Activity: Only the lines from the one holding "No es tan fácil" through the end of the material are to be repeated, exactly and without pictures.

Recorded information:

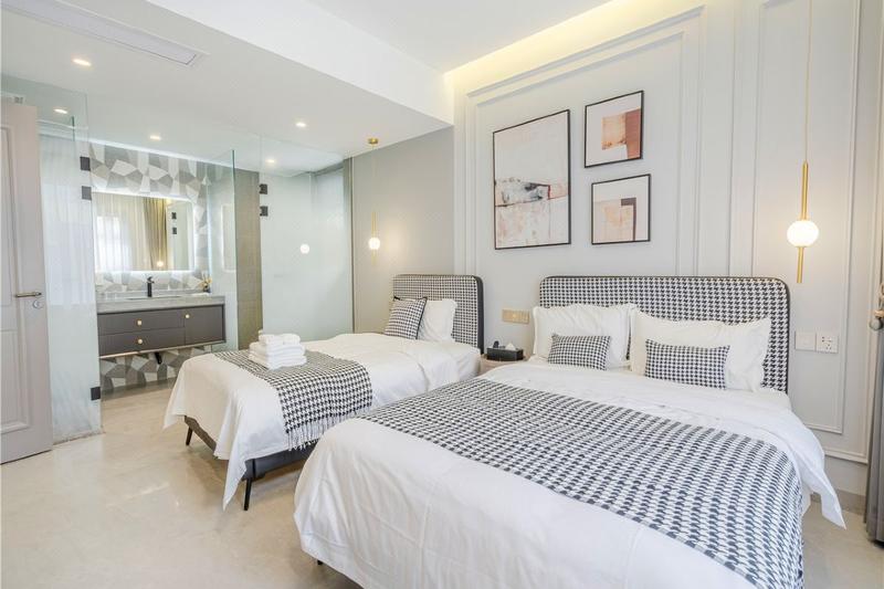 酒店坐落于有马尔代夫之称的惠东港口滨海旅游度假区建于“双月湾”景区内,坐拥双月湾全景景观,东靠东山海,北接巽寮湾,交通便利。周边吃喝玩乐一应俱全,有激情四射的网红礁石酒吧和紧邻全球大陆架的海龟自然保护区,步行出门约10分钟可见海鲜美食街,同时也可以到双月湾观景台观望地面上未有的风景,醉美日出日落,让自己身心感到一刻的放松。 酒店配套丰富高端,有配置烧烤炉让你的入住更添烟火,定制KTV影音设备,棋牌桌以及自助厨房,高定床品和24小时贴心管家服务让您的充实愉快流连的旅途。 酒店房型房源风格多套随机安排并且分散园区内,且接待地址和入住地址都在园区,入住时请提前联系酒店,获取入住房号以及精准定位,实际入住地址可能与系统地址不同,入住前请提前跟酒店联系。 酒店秉承着“热情微笑,尽善尽美”的服务理念,贴心为您服务,我们期待您的到来!
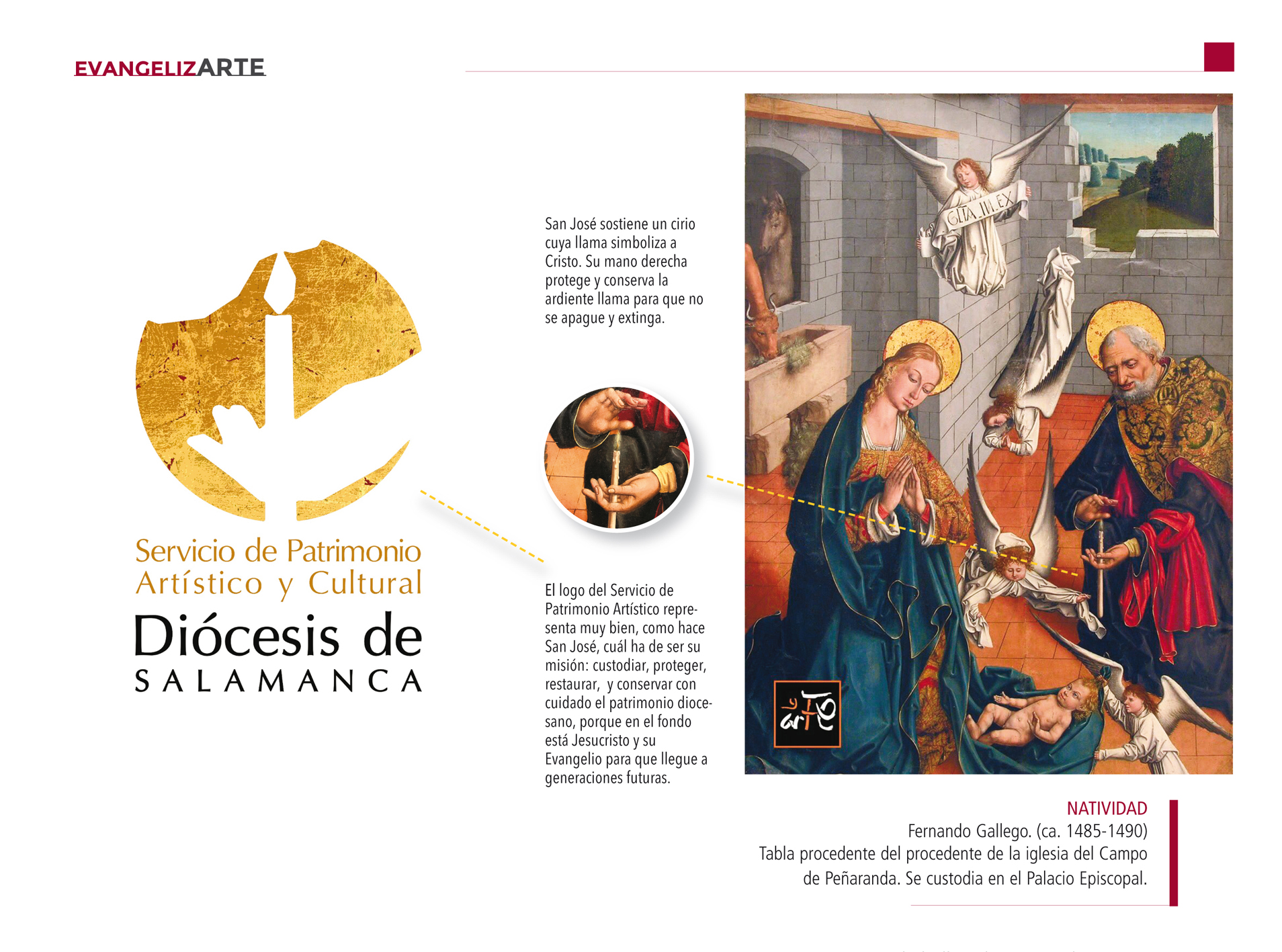 No es tan fácil acertar con un logo que conecte y sea artístico, había que ponerse en manos de alguien formado, que sepa hacerlos y capte lo que es la belleza cristiana. Nos acordamos del sacerdote reparador Ángel Alindado Hernández, sus trabajos de creación y maquetación en exposiciones, en publicaciones y en las redes sociales siempre nos habían gustado y llamado la atención. A pesar de sus muchas tareas, sacó tiempo para atendernos gratuitamente, algo que le agradecemos sinceramente desde nuestra diócesis. Como buen profesional nos preguntó al principio qué era lo que queríamos que el logo fuera a transmitir a través de su formas, y si teníamos alguna obra artística que nos sirviera de inspiración. Precisamente nos fijamos en un detalle de una tabla pintada por Fernando Gallego, se trata de la Natividad, realizada entre 1485 y 1490, procedente de la Parroquia de El Campo de Peñaranda, conservada y enseñada desde hace muchos años en la exposición permanente del Palacio Episcopal. Si nos fijamos bien en las manos de San José, están trazadas dentro de una circunferencia, cuyo centro es la luz de una llama, símbolo de Cristo. La mano izquierda toma delicadamente por debajo la vela y, por encima, la derecha protege y conserva la llama ardiente para que no se apague y extinga.
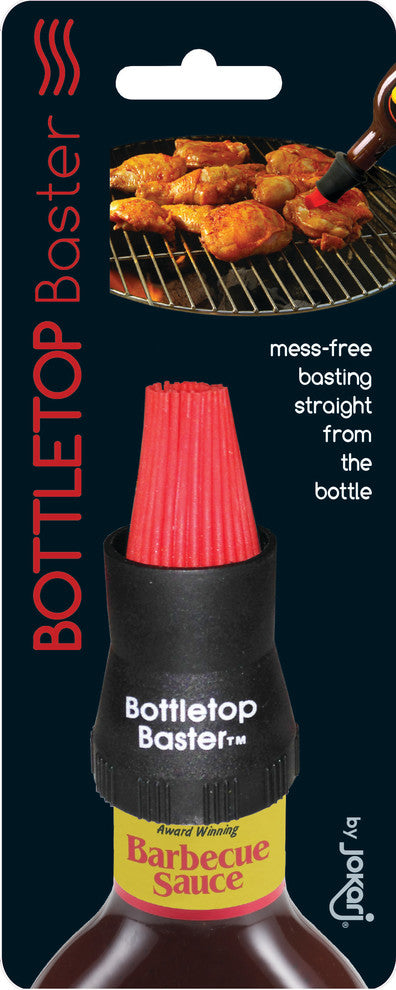 The Basting Brush instantly turns any BBQ sauce, salad dressing or marinade bottle into a handy basting brush. Use on glass or plastic bottles. Great for cookouts, camping, picnics and more. The Basting Brush has heat resistant silicone bristles, is reusable and dishwasher safe. Its multi-threaded top fits most sauce bottles, and has a built-in flow control. Dishwasher safe. BPA-free.

Exercise output:
 No es tan fácil acertar con un logo que conecte y sea artístico, había que ponerse en manos de alguien formado, que sepa hacerlos y capte lo que es la belleza cristiana. Nos acordamos del sacerdote reparador Ángel Alindado Hernández, sus trabajos de creación y maquetación en exposiciones, en publicaciones y en las redes sociales siempre nos habían gustado y llamado la atención. A pesar de sus muchas tareas, sacó tiempo para atendernos gratuitamente, algo que le agradecemos sinceramente desde nuestra diócesis. Como buen profesional nos preguntó al principio qué era lo que queríamos que el logo fuera a transmitir a través de su formas, y si teníamos alguna obra artística que nos sirviera de inspiración. Precisamente nos fijamos en un detalle de una tabla pintada por Fernando Gallego, se trata de la Natividad, realizada entre 1485 y 1490, procedente de la Parroquia de El Campo de Peñaranda, conservada y enseñada desde hace muchos años en la exposición permanente del Palacio Episcopal. Si nos fijamos bien en las manos de San José, están trazadas dentro de una circunferencia, cuyo centro es la luz de una llama, símbolo de Cristo. La mano izquierda toma delicadamente por debajo la vela y, por encima, la derecha protege y conserva la llama ardiente para que no se apague y extinga.
 The Basting Brush instantly turns any BBQ sauce, salad dressing or marinade bottle into a handy basting brush. Use on glass or plastic bottles. Great for cookouts, camping, picnics and more. The Basting Brush has heat resistant silicone bristles, is reusable and dishwasher safe. Its multi-threaded top fits most sauce bottles, and has a built-in flow control. Dishwasher safe. BPA-free.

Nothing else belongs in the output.